=== Section Start ===

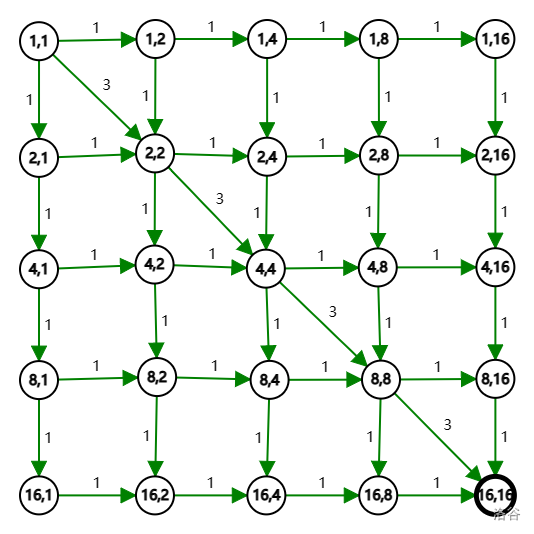 注意,这张图省略了主对角线外的斜有向边,例如 就被省略,事实上可以通过这些隐藏的边转移。
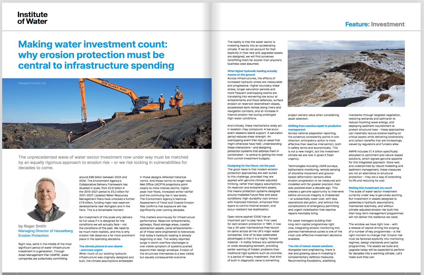 The UK water sector is entering a once-in-a-generation investment cycle. But are we designing for the conditions ahead - or the conditions behind us? The latest issue of the Institute of Water magazine features an article by Roger Smith, Managing Director of Hesselberg Erosion Protection.
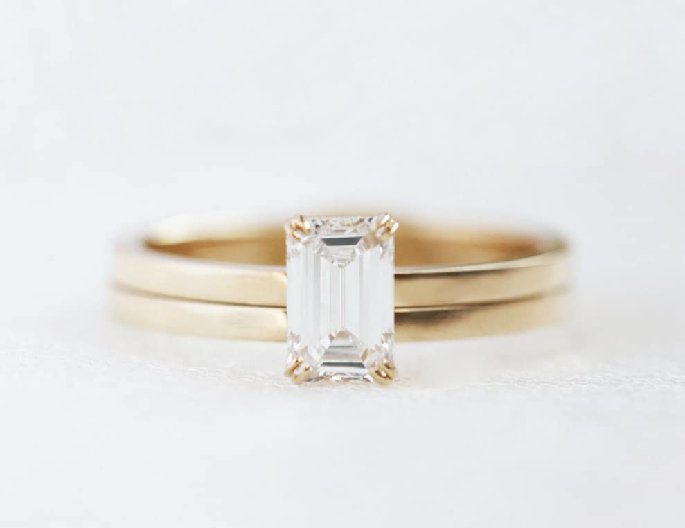 There are two main styles. A matching set uses a straight band that sits flush beside the engagement ring. A nesting set uses a shaped band that curves around the center. Both can be beautiful when the scale, height, and details line up.
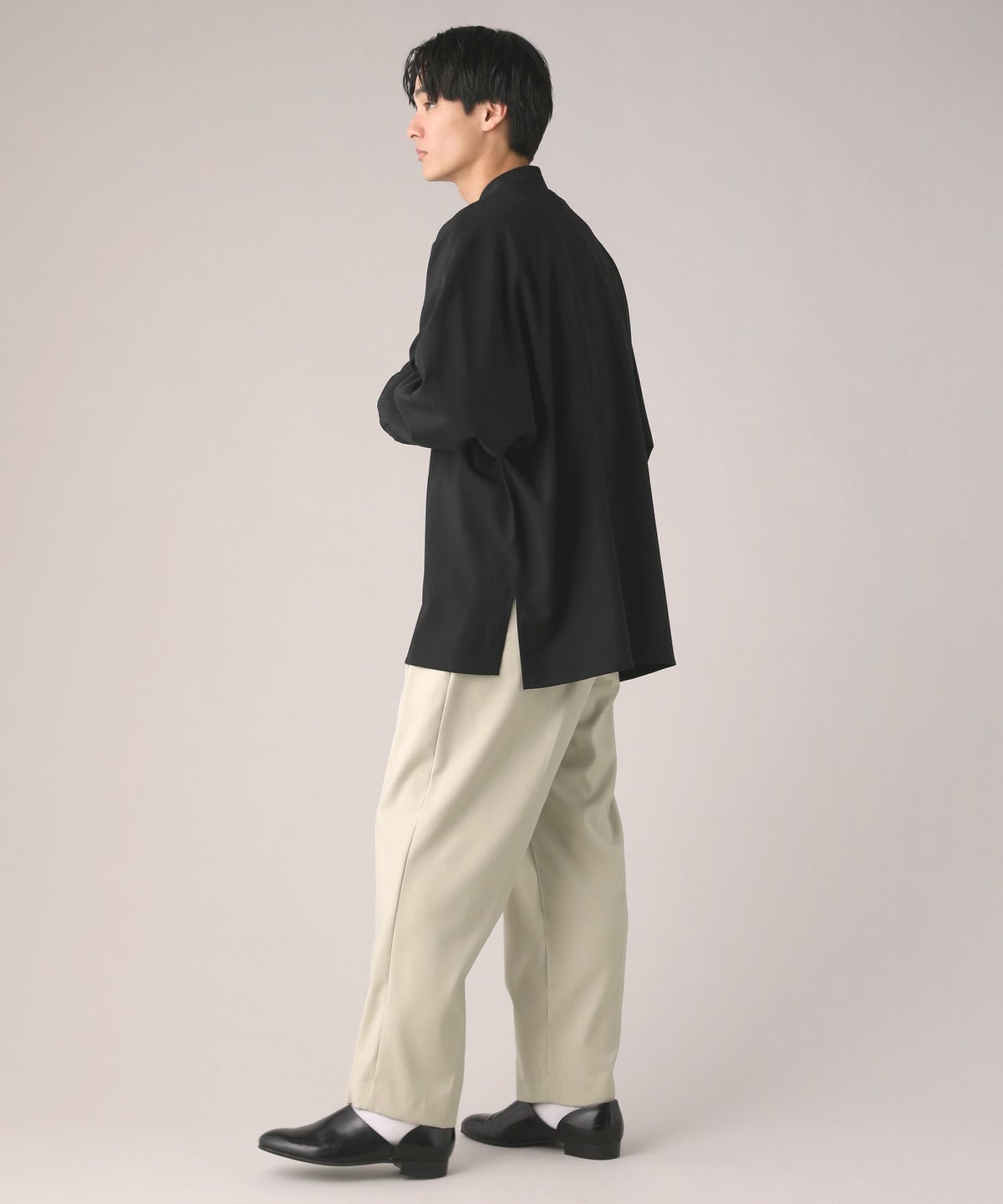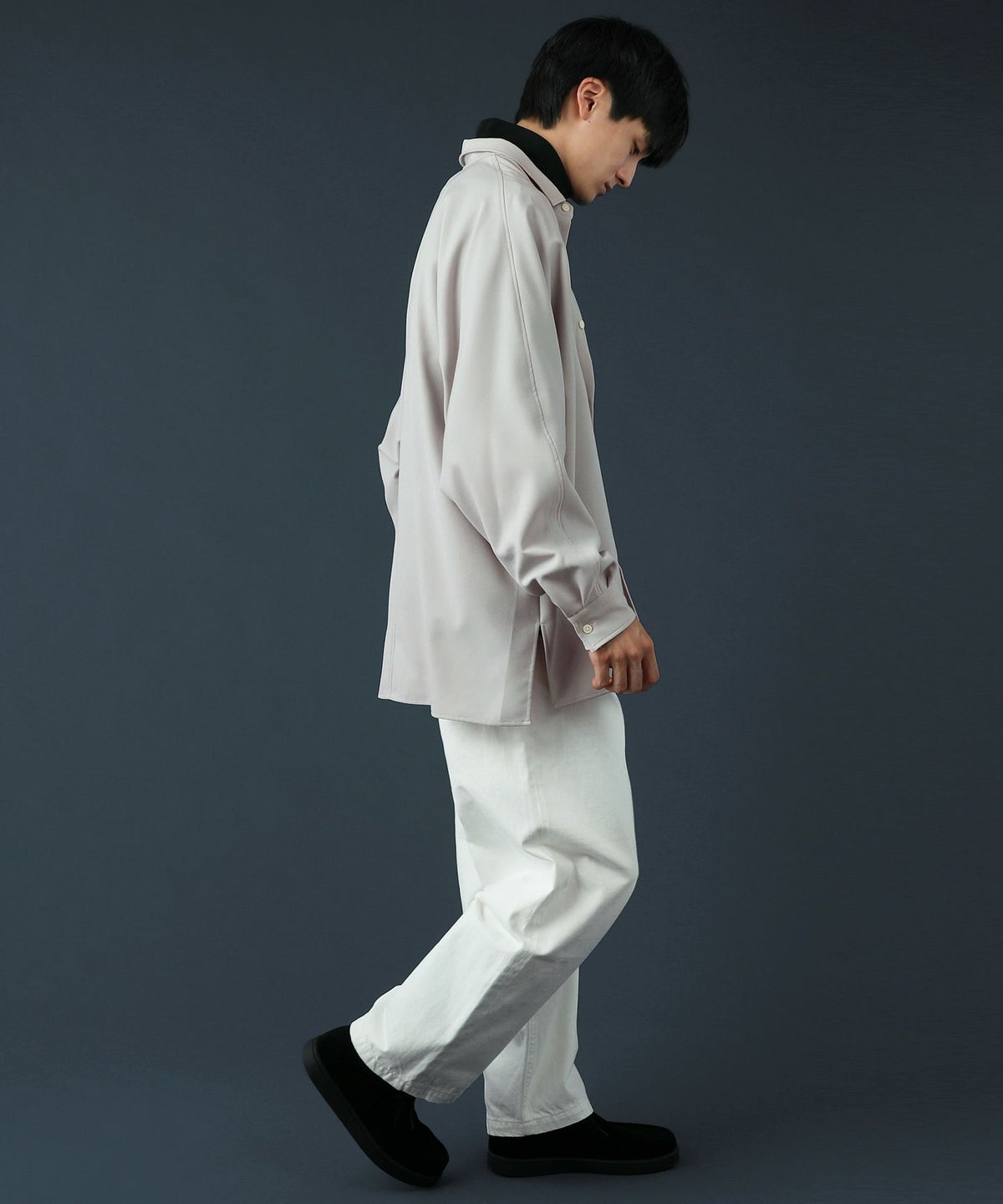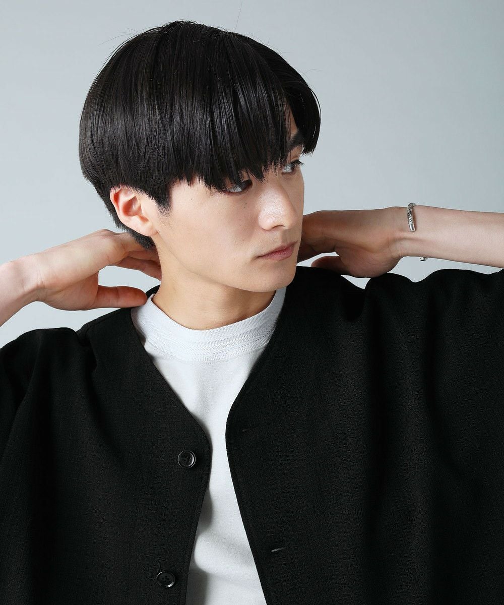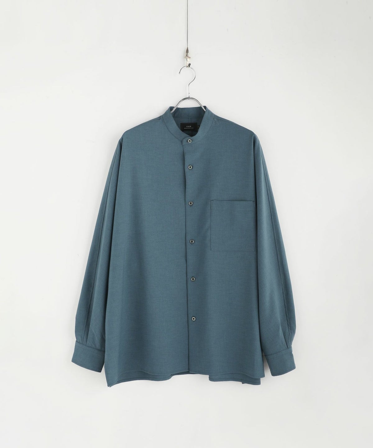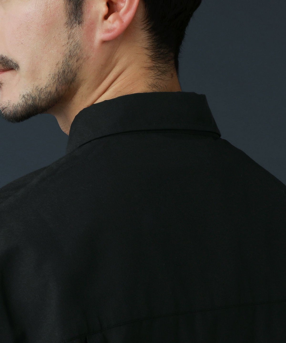 ドロップショルダー半袖バンドカラークレリックシャツ
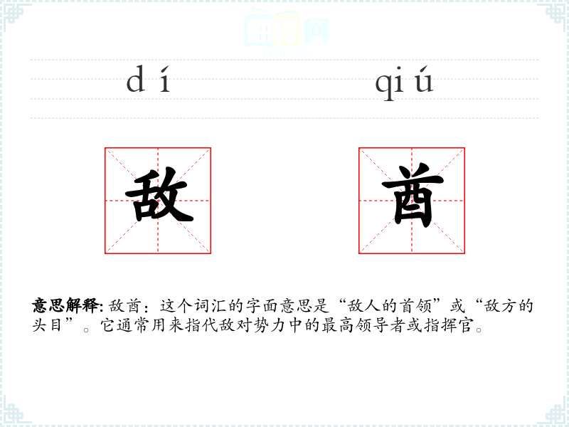 敌酋:这个词汇的字面意思是“敌人的首领”或“敌方的头目”。它通常用来指代敌对势力中的最高领导者或指挥官。
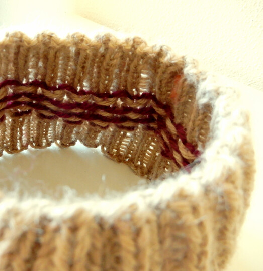 Garn: Apu Kuntur Alpaca Soft (100% Alpaka, 100m/50g), 1 Knäuel von jeder Farbe. Verbrauch für das Beispiel: 44m von Farbe 1 (beige) und 4m von Farbe 2.
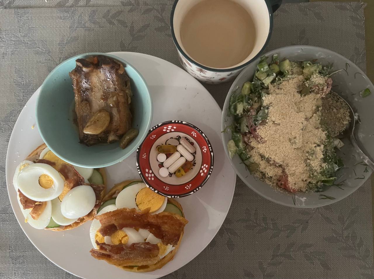 Омад на сегодня - свиные ребра тушеные (доедаю что было), два бутера (один не доела) - вафли, яйцо (2 шт.) огурец, печень трески. Салат половина помидора, огурца много зелени, дрожжи и ст.л. сметаны 30.
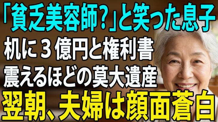 「貧乏美容師は恥ずかしい」と敬老の日に絶縁された私。翌朝、3億円の通帳と家の権利書を置いて姿を消した結果→息子夫婦「え?」【シニアライフ】【60代以上の方へ】
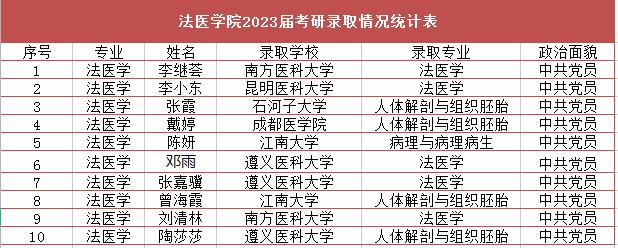 我院考研取得的佳绩,既离不开法医学子们的寒窗苦读,也离不开学院对考研工作的高度重视。长期以来,学院一直把学生考研作为加强学风建设的重要抓手之一,学生通过考研学习,在提升专业知识掌握能力的同时,也培养了认真学习,努力拼搏的良好习惯。除常规教学外,学院还采用多维度的培养方式,提升学生的综合素质。一是以习近平新时代中国特色社会主义思想为指导,强化党建引领,抓实政治建设,学风建设,培养德智体美劳全面发展的新时代新征程法医人才。此次升学的10位学生均为中共党员;二是通过法医能力提升班、“三人行”讲堂、大学生创新创业项目和法医类学科竞赛,全面提升法医学生的专业素养;三是树立典型,激发学生学习热情。通过先进集体、先进个人评比等活动,树立一批先进典型,激发学生的学习热情和积极乐观的人生态度,营造良好的学风班风和校园文化氛围;四是针对报考研究生的学生,考前进行一对一的指导,提高学生面试能力和技巧;五是具有司法鉴定人资格的教师,担任兼职班主任,持续5年,切实做好学生管理工作,提供全方位的学业指导,贯穿法医学生培养的全过程。通过上述措施,既有利于学生在考研复试中脱颖而出,又提升学生在未来工作中的岗位胜任能力。

=== Section End ===

▸ **What the task asks**
Images are to be skipped, and each line above is to be returned exactly.

▸ **Task output**
 注意,这张图省略了主对角线外的斜有向边,例如 就被省略,事实上可以通过这些隐藏的边转移。
 The UK water sector is entering a once-in-a-generation investment cycle. But are we designing for the conditions ahead - or the conditions behind us? The latest issue of the Institute of Water magazine features an article by Roger Smith, Managing Director of Hesselberg Erosion Protection.
 There are two main styles. A matching set uses a straight band that sits flush beside the engagement ring. A nesting set uses a shaped band that curves around the center. Both can be beautiful when the scale, height, and details line up.
 ドロップショルダー半袖バンドカラークレリックシャツ
 敌酋:这个词汇的字面意思是“敌人的首领”或“敌方的头目”。它通常用来指代敌对势力中的最高领导者或指挥官。
 Garn: Apu Kuntur Alpaca Soft (100% Alpaka, 100m/50g), 1 Knäuel von jeder Farbe. Verbrauch für das Beispiel: 44m von Farbe 1 (beige) und 4m von Farbe 2.
 Омад на сегодня - свиные ребра тушеные (доедаю что было), два бутера (один не доела) - вафли, яйцо (2 шт.) огурец, печень трески. Салат половина помидора, огурца много зелени, дрожжи и ст.л. сметаны 30.
 「貧乏美容師は恥ずかしい」と敬老の日に絶縁された私。翌朝、3億円の通帳と家の権利書を置いて姿を消した結果→息子夫婦「え?」【シニアライフ】【60代以上の方へ】
 我院考研取得的佳绩,既离不开法医学子们的寒窗苦读,也离不开学院对考研工作的高度重视。长期以来,学院一直把学生考研作为加强学风建设的重要抓手之一,学生通过考研学习,在提升专业知识掌握能力的同时,也培养了认真学习,努力拼搏的良好习惯。除常规教学外,学院还采用多维度的培养方式,提升学生的综合素质。一是以习近平新时代中国特色社会主义思想为指导,强化党建引领,抓实政治建设,学风建设,培养德智体美劳全面发展的新时代新征程法医人才。此次升学的10位学生均为中共党员;二是通过法医能力提升班、“三人行”讲堂、大学生创新创业项目和法医类学科竞赛,全面提升法医学生的专业素养;三是树立典型,激发学生学习热情。通过先进集体、先进个人评比等活动,树立一批先进典型,激发学生的学习热情和积极乐观的人生态度,营造良好的学风班风和校园文化氛围;四是针对报考研究生的学生,考前进行一对一的指导,提高学生面试能力和技巧;五是具有司法鉴定人资格的教师,担任兼职班主任,持续5年,切实做好学生管理工作,提供全方位的学业指导,贯穿法医学生培养的全过程。通过上述措施,既有利于学生在考研复试中脱颖而出,又提升学生在未来工作中的岗位胜任能力。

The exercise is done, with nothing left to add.